=== TASK INSTRUCTIONS ===
Leave the pictures out. Retype exactly the lines below from the one containing "塞纳镂空粗织针织开衫2025秋季新款两件套气质吊带短款上衣" through the one containing "继续使用上面用过的图片,选择", and no others.

== THE DATA ==

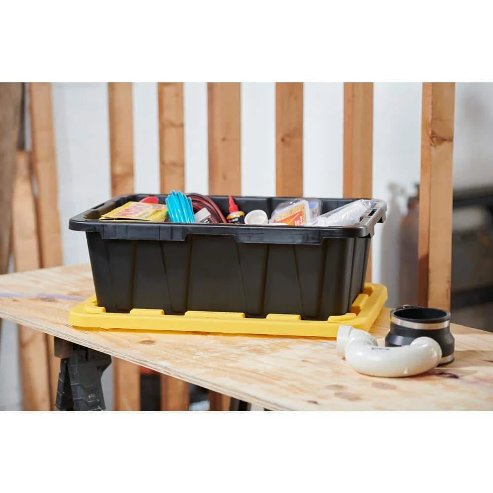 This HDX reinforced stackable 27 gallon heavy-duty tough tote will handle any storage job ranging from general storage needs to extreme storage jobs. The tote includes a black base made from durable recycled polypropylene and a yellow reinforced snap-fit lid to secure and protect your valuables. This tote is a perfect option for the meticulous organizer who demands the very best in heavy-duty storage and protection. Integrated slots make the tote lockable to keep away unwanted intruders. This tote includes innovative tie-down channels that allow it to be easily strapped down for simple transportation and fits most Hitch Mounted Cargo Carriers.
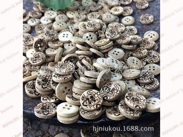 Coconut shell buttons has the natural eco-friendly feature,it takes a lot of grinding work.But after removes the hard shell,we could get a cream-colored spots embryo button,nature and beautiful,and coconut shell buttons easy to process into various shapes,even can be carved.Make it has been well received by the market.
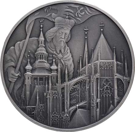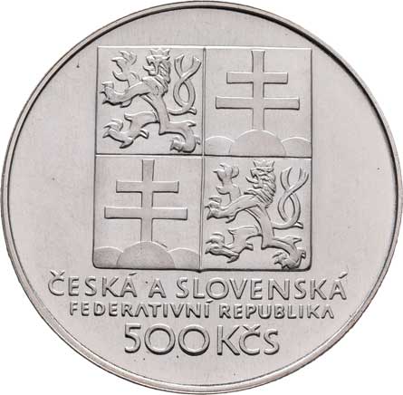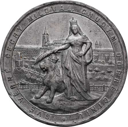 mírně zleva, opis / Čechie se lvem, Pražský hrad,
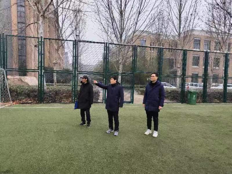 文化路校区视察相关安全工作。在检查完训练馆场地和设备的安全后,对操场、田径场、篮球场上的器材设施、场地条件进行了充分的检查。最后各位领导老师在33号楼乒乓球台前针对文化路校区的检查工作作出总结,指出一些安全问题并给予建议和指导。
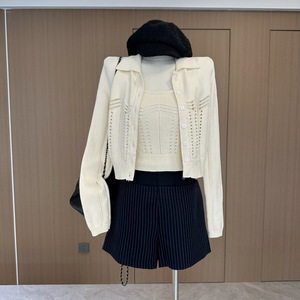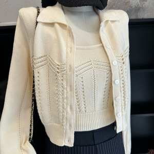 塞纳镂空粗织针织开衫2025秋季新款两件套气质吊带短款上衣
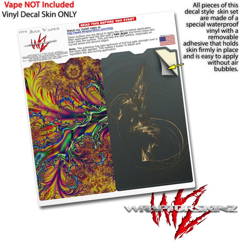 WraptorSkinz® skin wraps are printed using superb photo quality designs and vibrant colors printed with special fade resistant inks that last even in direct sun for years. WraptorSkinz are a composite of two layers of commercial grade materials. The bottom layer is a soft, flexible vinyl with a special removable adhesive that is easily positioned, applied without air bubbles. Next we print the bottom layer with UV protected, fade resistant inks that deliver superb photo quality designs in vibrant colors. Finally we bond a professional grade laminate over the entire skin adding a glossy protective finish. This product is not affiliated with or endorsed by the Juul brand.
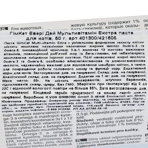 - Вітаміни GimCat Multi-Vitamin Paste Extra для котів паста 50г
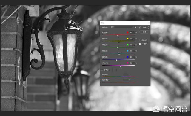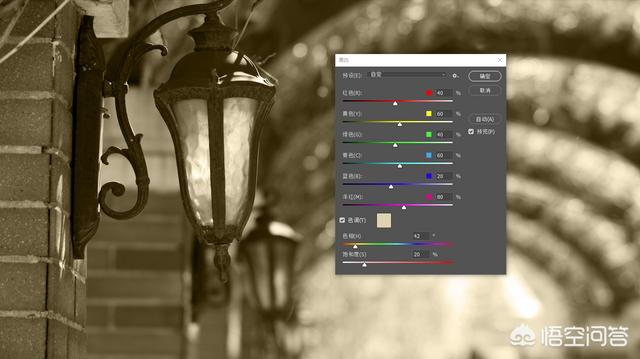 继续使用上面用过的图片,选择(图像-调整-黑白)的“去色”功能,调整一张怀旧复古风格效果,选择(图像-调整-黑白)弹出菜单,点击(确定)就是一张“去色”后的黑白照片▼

===
== THE DATA ==

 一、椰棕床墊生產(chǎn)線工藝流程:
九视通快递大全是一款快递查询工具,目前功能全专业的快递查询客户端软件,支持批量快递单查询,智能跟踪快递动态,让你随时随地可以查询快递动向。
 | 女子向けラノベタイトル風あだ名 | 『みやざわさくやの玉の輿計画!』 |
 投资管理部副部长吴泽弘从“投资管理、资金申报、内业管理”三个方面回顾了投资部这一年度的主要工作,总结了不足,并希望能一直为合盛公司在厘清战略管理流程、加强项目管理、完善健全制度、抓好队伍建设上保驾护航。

===
== THE DATA ==

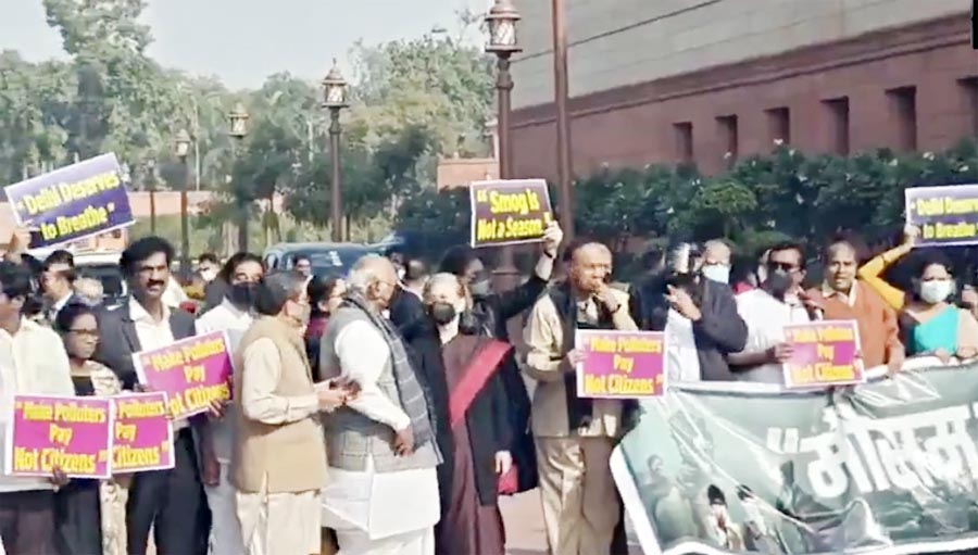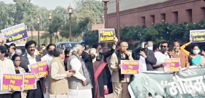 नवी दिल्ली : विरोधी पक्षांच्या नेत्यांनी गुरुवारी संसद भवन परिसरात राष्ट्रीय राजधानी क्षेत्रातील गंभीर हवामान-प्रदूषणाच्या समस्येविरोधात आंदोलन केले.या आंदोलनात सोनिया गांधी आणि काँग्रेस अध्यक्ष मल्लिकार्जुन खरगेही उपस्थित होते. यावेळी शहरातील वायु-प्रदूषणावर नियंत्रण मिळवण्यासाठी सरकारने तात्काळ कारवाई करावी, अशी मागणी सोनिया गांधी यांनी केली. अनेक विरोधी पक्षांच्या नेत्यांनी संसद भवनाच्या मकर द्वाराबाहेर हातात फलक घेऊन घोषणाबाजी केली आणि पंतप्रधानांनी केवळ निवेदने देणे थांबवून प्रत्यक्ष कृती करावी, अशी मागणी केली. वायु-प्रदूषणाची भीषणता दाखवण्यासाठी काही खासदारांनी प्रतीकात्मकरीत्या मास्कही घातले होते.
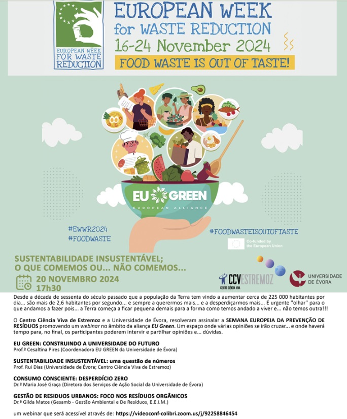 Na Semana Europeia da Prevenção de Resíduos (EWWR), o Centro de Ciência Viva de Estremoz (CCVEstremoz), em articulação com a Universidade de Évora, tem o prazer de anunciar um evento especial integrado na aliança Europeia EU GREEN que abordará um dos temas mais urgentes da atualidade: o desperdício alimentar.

===

=== WRITTEN ANSWER ===
 塞纳镂空粗织针织开衫2025秋季新款两件套气质吊带短款上衣
 WraptorSkinz® skin wraps are printed using superb photo quality designs and vibrant colors printed with special fade resistant inks that last even in direct sun for years. WraptorSkinz are a composite of two layers of commercial grade materials. The bottom layer is a soft, flexible vinyl with a special removable adhesive that is easily positioned, applied without air bubbles. Next we print the bottom layer with UV protected, fade resistant inks that deliver superb photo quality designs in vibrant colors. Finally we bond a professional grade laminate over the entire skin adding a glossy protective finish. This product is not affiliated with or endorsed by the Juul brand.
 - Вітаміни GimCat Multi-Vitamin Paste Extra для котів паста 50г
 继续使用上面用过的图片,选择(图像-调整-黑白)的“去色”功能,调整一张怀旧复古风格效果,选择(图像-调整-黑白)弹出菜单,点击(确定)就是一张“去色”后的黑白照片▼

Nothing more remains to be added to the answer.